The output size is equal to ((input size - filter size) / stride) + 1
$$o_{size} = \frac{i_{size} - k_{size}}{s} + 1$$
Where $o$ = output, $i$ = input, $k$ = kernel/filter, and $s$ = stride. The stride is how many elements the moving window of the kernel moves per step.

If we have multiple kernels, we will end up having multiple output matrices...a *tensor*! So in our second layer, our kernels will be tensors. The moving window for our kernels will be three dimensional, since our input is now a tensor. The output will be another tensor (each kernel producing a matrix?).

What are the parameters in our example? If we have 2 kernels, we have 8 weights and 2 biases. If the second hidden layer has three kernels of size 2 x 2 x 2, we have 3(8) + 3 parameters in the second layer.

In [1]:
from tensorflow.keras.layers import Input, Dense, Conv2D, MaxPooling2D, UpSampling2D
from tensorflow.keras.models import Model
from tensorflow.keras import backend as K
import numpy as np

input_img = Input(shape=(4, 4, 1))  # adapt this if using `channels_first` image data format

x = Conv2D(2, (2, 2), activation='relu')(input_img)
y = Conv2D(3, (2, 2), activation='relu')(x)
model = Model(input_img, y)
# cnv_ml_1 = Model(input_img, x)

In [3]:
print(model.summary())

Model: "model"
_________________________________________________________________
Layer (type)                 Output Shape              Param #   
input_1 (InputLayer)         [(None, 4, 4, 1)]         0         
_________________________________________________________________
conv2d (Conv2D)              (None, 3, 3, 2)           10        
_________________________________________________________________
conv2d_1 (Conv2D)            (None, 2, 2, 3)           27        
Total params: 37
Trainable params: 37
Non-trainable params: 0
_________________________________________________________________
None


### The whole NN: CNN + MLP

We have an input; the CNN does feature learning, the output of the CNN is flattened and classification is done by the MLP.

In [6]:
import tensorflow
from tensorflow.keras.models import Sequential
from tensorflow.keras.layers import Dense, Dropout, Flatten
from tensorflow.keras.layers import Conv2D, MaxPooling2D


model = Sequential()
model.add(Conv2D(32, kernel_size=(3, 3),
                 activation='relu',
                 input_shape=(28, 28, 1)))
model.add(Conv2D(64, (3, 3), activation='relu'))
model.add(MaxPooling2D(pool_size=(2, 2)))
# model.add(Dropout(0.25))
model.add(Flatten())
model.add(Dense(128, activation='relu'))
# model.add(Dropout(0.5))
model.add(Dense(10, activation='softmax'))

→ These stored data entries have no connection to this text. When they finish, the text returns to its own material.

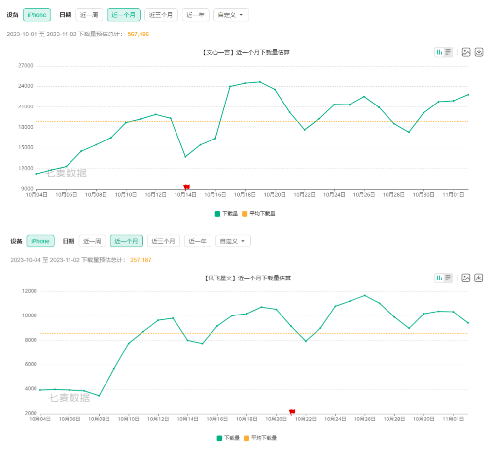 據七麥數據顯示,文心一言iOS端、訊飛星火iOS端近一個月日均下載量均在2萬以下。同時考慮到APP下載到次日留存、七日留存會存在較大的漏斗模型。顯然,當前文心一言和訊飛星火iOS端真實用户數量明顯不足。
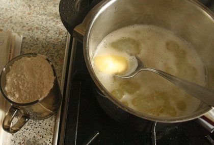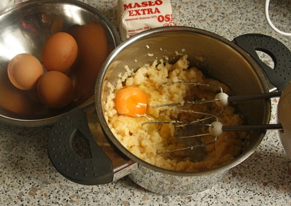 Wodę zagotować z masłem. Trzymając na ogniu dokładnie rozcierać z mąką, aż się otrzyma błyszczące jednolite ciasto. Przestudzić.
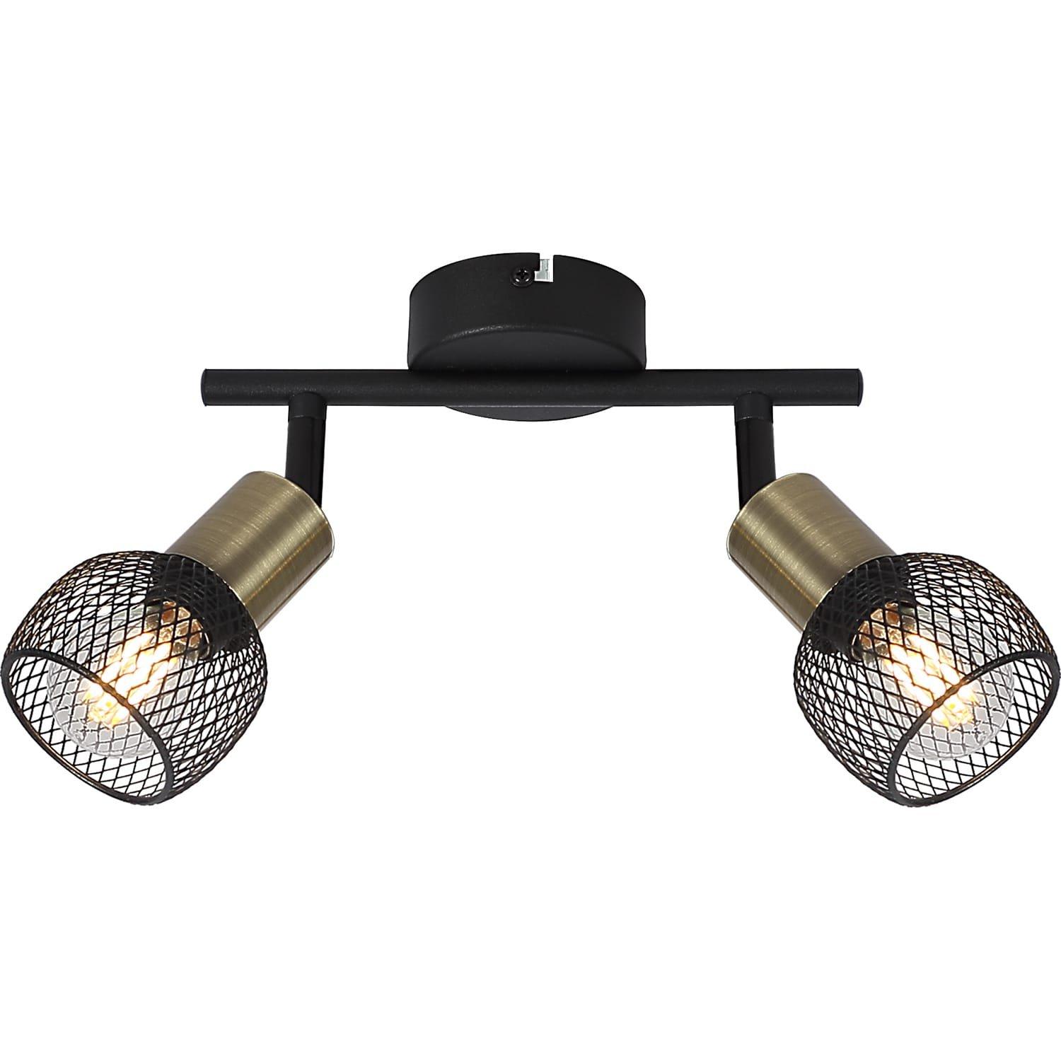 Ce spot de plafond de la série Fiastra impressionne par son design élégant en métal noir mat et laiton antique. Les deux écrans à grille métallique du spot de 22 cm de long peuvent chacun être équipés d'une ampoule E14 de votre choix. Cela vous donne la possibilité de déterminer la couleur et la luminosité de la lumière à votre guise et peut créer une ambiance élégante dans votre intérieur.
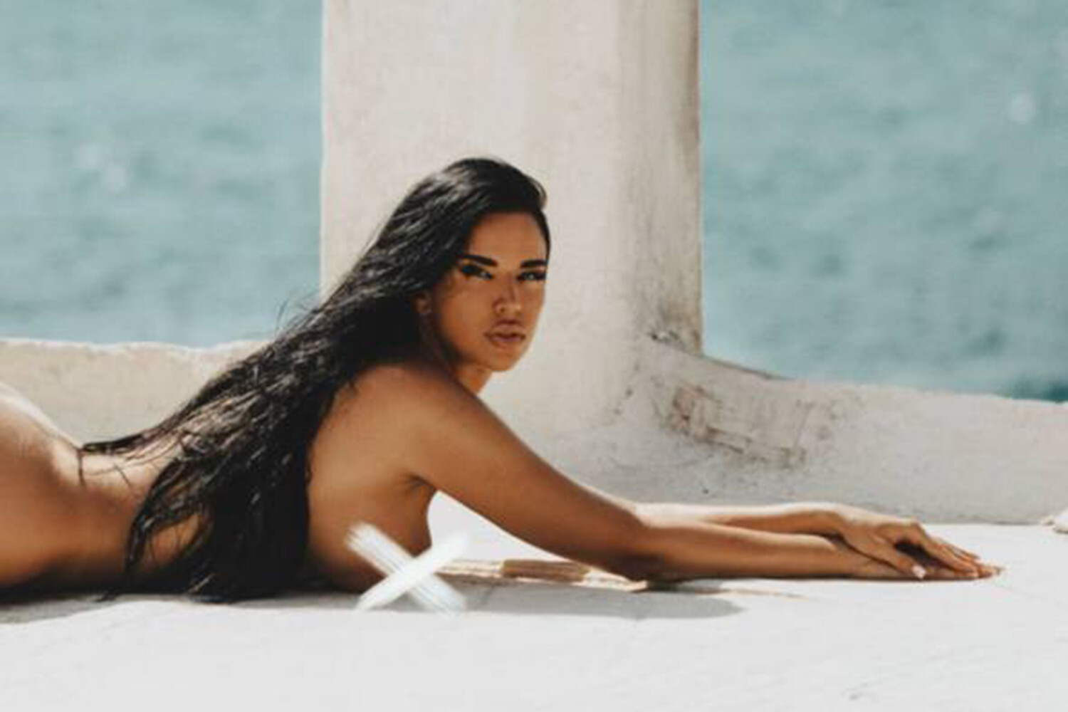 На кадре Кнолль позирует без белья.
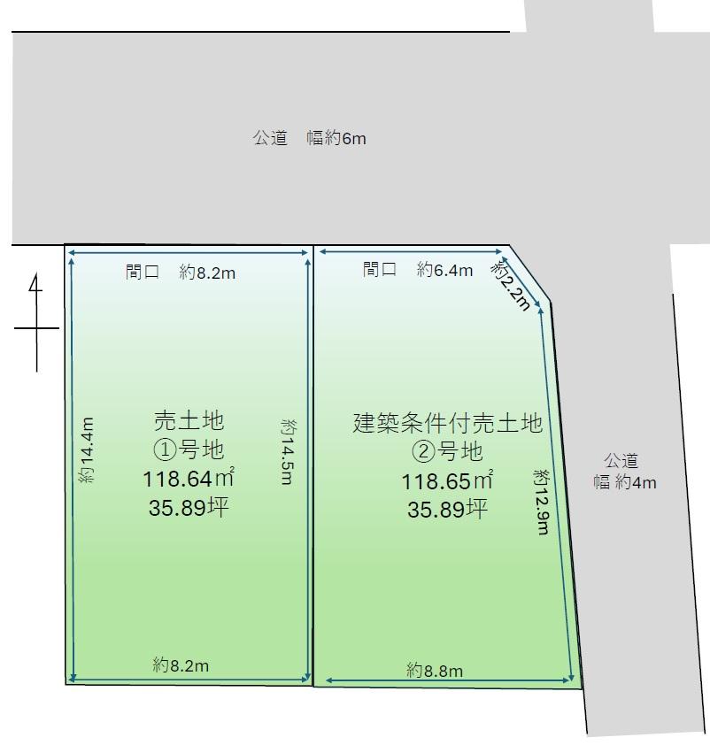 | 備考 | 担当者:東口、設備:電気、上下水及び都市ガス(前面道路本管有、要敷地内引込工事)買主様にて引込工事をお願いいたします。別途費用で弊社にて施工も可能です。、建築条件なし1号地:1880万円、建築条件付2号地:1730万円 | ||||
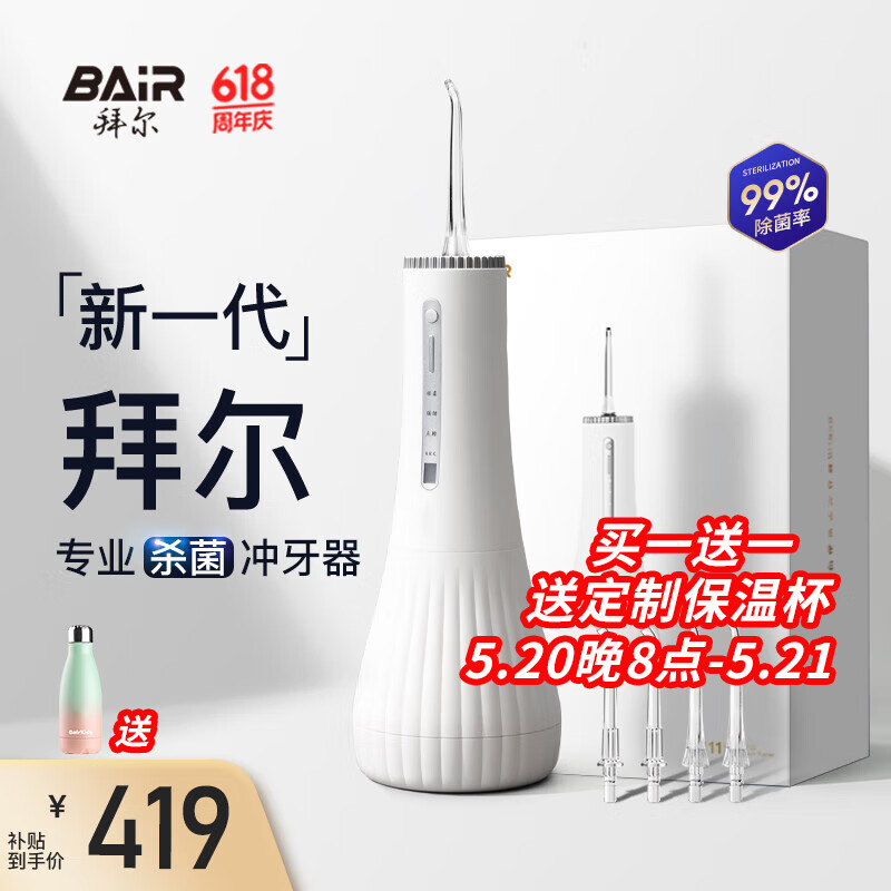 拜尔M11 智能杀菌电动冲牙器 专业LED智显水牙线大水箱家用正畸专用牙齿清洁洗牙神器礼盒 1号塔专业白价格:419.00元!
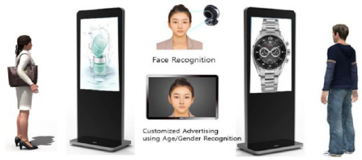 正如一开始提到的,基于GDSM智慧商显系统平台和熊猫多屏拼接播放器的精准信息推送方案,整合了人工智能技术,在5G或有线网络的支持下,能够完成针对不同消费者推送不同消费者画像对应的产品。熊猫拥有边缘计算能力的G系列多屏拼接播放器,适合作为AI人脸识别的硬件基础平台。通过训练完善的人工智能算法,针对不同的消费者标签,推送不同的广告信息。
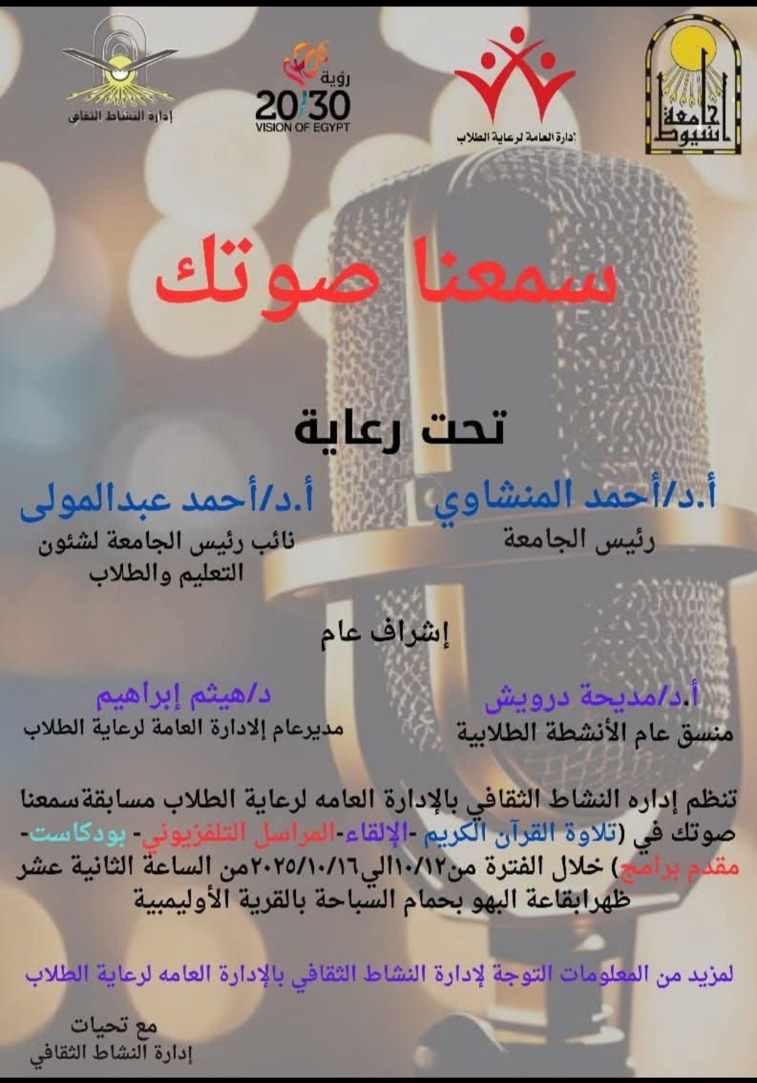 يــرجـي ســرعـة التوجـــه الي مكــتب السيد الاسـتاذ الدكــتور/ وكـيل الكلية لشئـون خـدمة المجتمـع وتنمية البيئة حتي يتسني لنا حصـر الاعــداد المشــاركة وتنظيـم الحفــل بالشكــل اللائــق.
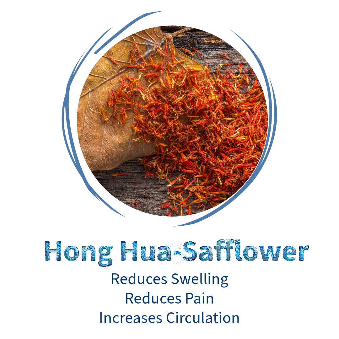 Safflower (Hong Hua): Invigorates circulation and relieves pain from bruises, sprains, and chronic stiffness.
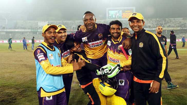 খুলনা টাইগার্স: ২০ ওভারে ১৪৯/৮ (শামসুর রহমান ৫২, রাইলি রুশো ৩৭, মুশফিক ২১; মোহাম্মদ ইরফান ২/১৮, কামরুল ইসলাম ২/২৯, আন্দ্রে রাসেল ২/৩২)।

model.compile(loss=tensorflow.keras.losses.categorical_crossentropy,
              optimizer=tensorflow.keras.optimizers.Adadelta(),
              metrics=['accuracy'])

print(model.summary())

Model: "sequential_2"
_________________________________________________________________
Layer (type)                 Output Shape              Param #   
conv2d_6 (Conv2D)            (None, 26, 26, 32)        320       
_________________________________________________________________
conv2d_7 (Conv2D)            (None, 24, 24, 64)        18496     
_________________________________________________________________
max_pooling2d_2 (MaxPooling2 (None, 12, 12, 64)        0         
_________________________________________________________________
flatten_2 (Flatten)          (None, 9216)              0         
_________________________________________________________________
dense_4 (Dense)              (None, 128)               1179776   
_________________________________________________________________
dense_5 (Dense)              (None, 10)                1290      
Total params: 1,199,882
Trainable params: 1,199,882
Non-trainable params: 0
____________________________________________

In [7]:
x = Conv2D(2, (2, 2), activation='relu')(input_img)
y = Conv2D(3, (2, 2), activation='relu')(x)
model = Model(input_img, y)
# cnv_ml_1 = Model(input_img, x)

data = np.array([[5, 12, 1, 8], [2, 10, 3, 6], [4, 7, 9, 1], [5, 7, 5, 6]])
data = data.reshape(1, 4, 4, 1)
print(model.predict(data))
print('M :')
print(model.predict(data).reshape(3, 2, 2))
print(model.summary())

[[[[6.2300196 0.        0.       ]
   [6.7361712 1.5060683 1.9827185]]

  [[5.5027175 0.        0.       ]
   [4.9892282 1.6739372 0.       ]]]]
M :
[[[6.2300196 0.       ]
  [0.        6.7361712]]

 [[1.5060683 1.9827185]
  [5.5027175 0.       ]]

 [[0.        4.9892282]
  [1.6739372 0.       ]]]
Model: "model_1"
_________________________________________________________________
Layer (type)                 Output Shape              Param #   
input_1 (InputLayer)         [(None, 4, 4, 1)]         0         
_________________________________________________________________
conv2d_8 (Conv2D)            (None, 3, 3, 2)           10        
_________________________________________________________________
conv2d_9 (Conv2D)            (None, 2, 2, 3)           27        
Total params: 37
Trainable params: 37
Non-trainable params: 0
_________________________________________________________________
None


In [8]:
from tensorflow.keras.datasets import mnist

img_rows, img_cols = 28, 28

# the data, split between train and test sets
(x_train, y_train), (x_test, y_test) = mnist.load_data()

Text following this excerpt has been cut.